Una de las esquinas más transitadas de La Habana es la de Tejas, donde se cruzan las avenidas Infanta, Diez de Octubre, Monte y Calzada del Cerro. Resulta difícil pasar por alto, a la izquierda, en dirección a Diez de Octubre, un edificio de la primera mitad del pasado siglo, cuyo deterioro es evidente. Si el exterior da pena, el interior espanta.
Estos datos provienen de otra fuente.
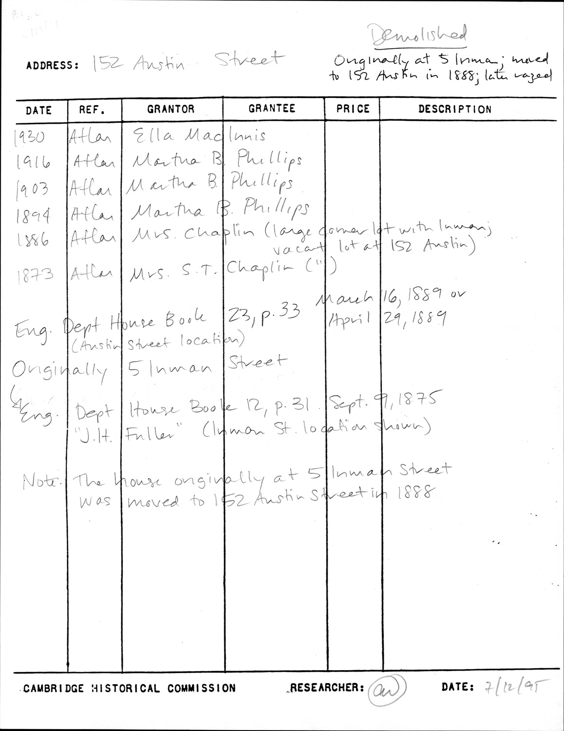 152 Bishop Allen Dr - Research Form

Un miembro de la familia del primer piso me dice que el edificio es de 1936. Esta numerosa familia ha vivido aquí por más de treinta años y ha visto su casa deteriorarse lenta e implacablemente. Las paredes llenas de moho y grietas profundas, el techo que suelta pedazos, una parte de la casa apuntalado. Cuando llueve, la casa es un colador.
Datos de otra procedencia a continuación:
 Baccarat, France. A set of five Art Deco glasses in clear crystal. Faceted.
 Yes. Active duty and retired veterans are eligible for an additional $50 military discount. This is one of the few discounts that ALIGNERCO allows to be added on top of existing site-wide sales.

Han ido a la Oficina de la Vivienda, pero no hay solución para su problema. No culpan al Estado, sino al vecino de los altos. “No arregla la casa, su techo filtra y el agua ha ido echando perder el de nosotros; además, cuando dan martillazos allá arriba, se caen los pedazos de techo aquí”.
Uno de los hombres de la casa afirma que ha hablado con el vecino, “pero él prefiere que esto se derrumbe para que les den algo”. Sin embargo, mi interlocutor afirma con orgullo que esta construcción es fuerte, no será fácil demolerla. “Tiene arreglo y se puede reparar el balcón, pero es muy grande, hace falta una cantidad de dinero”, que no tienen cubanos de a pie como ellos.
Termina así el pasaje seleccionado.